Trump impeached: what comes next in Senate trial?
Senate Majority Leader Mitch McConnell accuses Dems of having 'cold feet' after House indicates delay in sending articles
With U.S. President Donald Trump impeached by the House of Representatives, his trial is now set to dominate the friendlier Republican-held Senate but what those proceedings will look like and when, are far from certain.
The House approved along near party lines two articles of impeachment against Trump on Wednesday evening: abuse of power and obstruction of Congress, making him just the third president in U.S. history to be impeached.
The first charge is related to Trump's repeated attempts to get Ukraine to publicly declare criminal investigations into Democratic presidential front-runner Joe Biden, and his son, Hunter, as well as allegations that it was Kyiv, not Russia, who meddled in the 2016 U.S. elections. The obstruction article is centered on the president's refusal to cooperate with the investigation and his directive that top officials do the same.
Shortly after the House approved the measures, House Speaker Nancy Pelosi indicated she would hold off on sending the articles to the Senate until the chamber clarifies the rules under which they will be tried.
"I would hope that that would be soon," she said, tempering expectations that proceedings will begin quickly next month. "So far we haven't seen anything that looks fair to us."
She referred in part to Senate Majority Leader Mitch McConnell's admission on Tuesday that he will not be "an impartial juror."
McConnell said last week that "everything" he does with respect to the impeachment trial will be coordinated with the White House counsel, adding "there will be no difference between the president's position and our position."

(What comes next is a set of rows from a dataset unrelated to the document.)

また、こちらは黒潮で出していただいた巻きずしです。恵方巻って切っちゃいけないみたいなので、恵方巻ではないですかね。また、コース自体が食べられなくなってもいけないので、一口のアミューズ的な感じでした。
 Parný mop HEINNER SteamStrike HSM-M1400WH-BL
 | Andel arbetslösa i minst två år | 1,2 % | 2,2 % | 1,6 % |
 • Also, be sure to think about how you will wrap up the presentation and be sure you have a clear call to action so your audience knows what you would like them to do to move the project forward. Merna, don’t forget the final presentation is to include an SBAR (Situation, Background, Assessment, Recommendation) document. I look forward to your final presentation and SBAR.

McConnell took to the Senate floor Thursday, accusing Pelosi and House Democrats of having "cold feet in front of the entire country," alleging the case assembled in the House fails to adequately demonstrate Trump committed high crimes and misdemeanors -- the constitutional bar for removing a sitting president from office.
"House Democrats may be too afraid, too afraid to even transmit their shoddy work product to the Senate," he said.

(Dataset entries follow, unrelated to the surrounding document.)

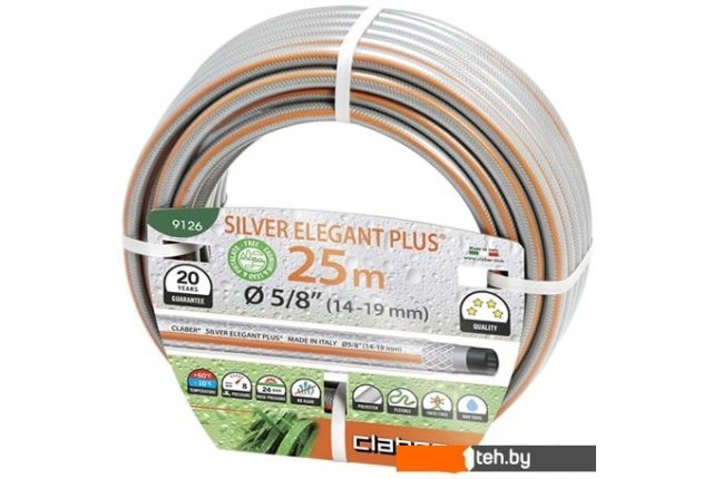 Фотографии, описание и технические характеристики модели Claber Silver Elegant Plus 9126 (5/8", 25 м) взяты из открытых источников, официального сайта производителя или представительства Claber в Республике Беларусь.
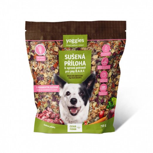 Doplňkové krmivo Yoggies sušená příloha s pohankovými vločkami je optimálním doplňkem ke krmení syrovým masem B.A.R.F.
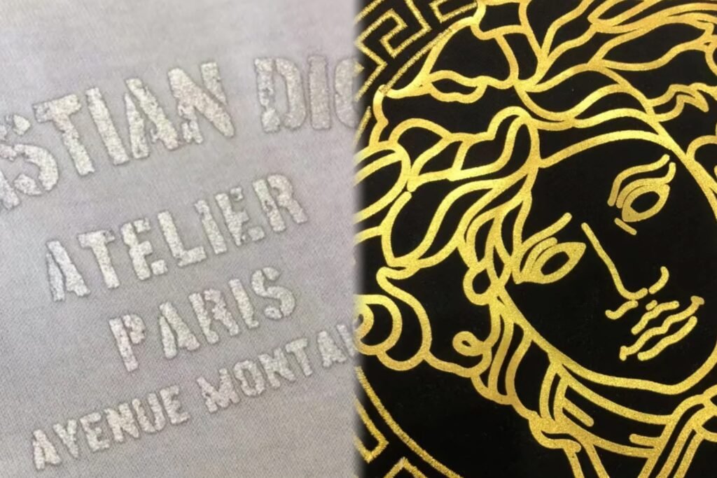 This is a two-step process. First, a special glue is screen-printed onto the garment in the design’s shape. Then, a thin sheet of metallic foil is heat-pressed onto the glue, sticking only to the printed areas.
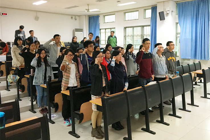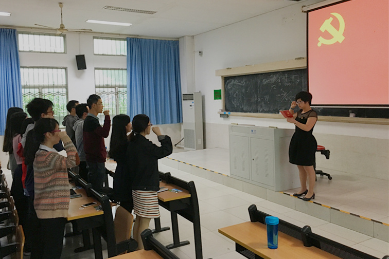 2016年上半年,2013级本科生党支部新发展两名党员:曹星瑶、石琢。本次仪式上,新党员宣誓、老党员重温誓词、入党积极分子见证仪式接受教育。
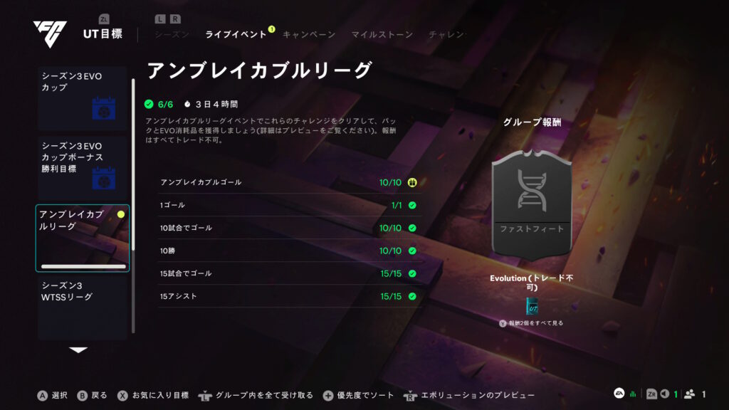 ジンチェンコとベイズリーを作成。二人を使ってアンブレイカブルリーグに参戦し目標達成。
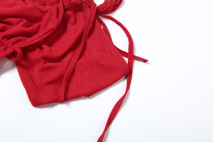 Self tie backless ruched mesh top
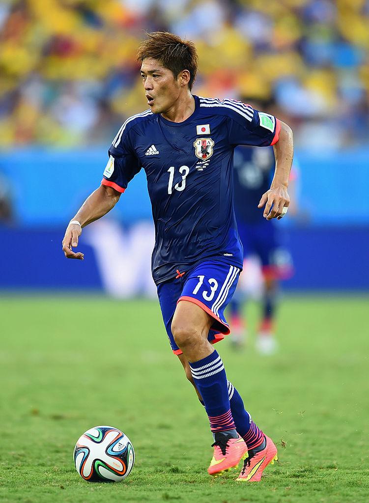 日本代表では60試合6ゴールであるが、ベスト16進出を果たしたワールドカップ2010では左サイドのウイングとして献身的なプレーに挑み、チームに大きく貢献。松井大輔とともに守備から攻撃への切り替えで重要な選手となった。

Asked if she runs the risk of Republicans getting the upper-hand if she holds the articles up too long, Pelosi brushed off the suggestion, saying, "Frankly, I don't care what the Republicans say."
Currently, the details of any prospective Senate trial are unknown, including whether witnesses will be called, how long it will run, or when and if it will begin. And partisan fighting within the chamber looks set to harden party lines.
McConnell and Minority Leader Chuck Schumer traded shots during dueling floor speeches on Thursday with Schumer pushing back on the Republican's suggestion that Democrats are stalling out of fear.
"Leader McConnell is plotting the most rushed, least thorough and most unfair impeachment trial in modern history. His plan to prevent House managers from calling witnesses to prove their case is a dramatic break from precedent," he said.
Senate Democrats led by Schumer have been seeking new documents for the trial, as well as the testimony of four key Trump administration officials: former National Security Advisor John Bolton, acting Chief of Staff Mick Mulvaney, his deputy, Robert Blair, and Office of Management and Budget official Michael Duffey.
But McConnell and Republicans have so far declined to agree to any witnesses taking part in the trial, in preference for having a quick vote on the charges.
James Clyburn, the third highest-ranking House Democrat, suggested Thursday that the House could forestall on transmitting the articles "as long as it takes" until the Senate guarantees an impartial trial.
"Until we can get some assurances from the majority leader that he is going to allow for a fair and impartial and trial to take place, we would be crazy to walk in there knowing he has set up a kangaroo court," the Democratic whip told CNN, referring to McConnell.
Whatever form the Senate trial takes, however, Trump is almost certain to be acquitted in the chamber where his party controls 53 of its 100 seats. His removal would require a two-thirds vote, a seemingly impossible task given Republicans' uniform backing of the president.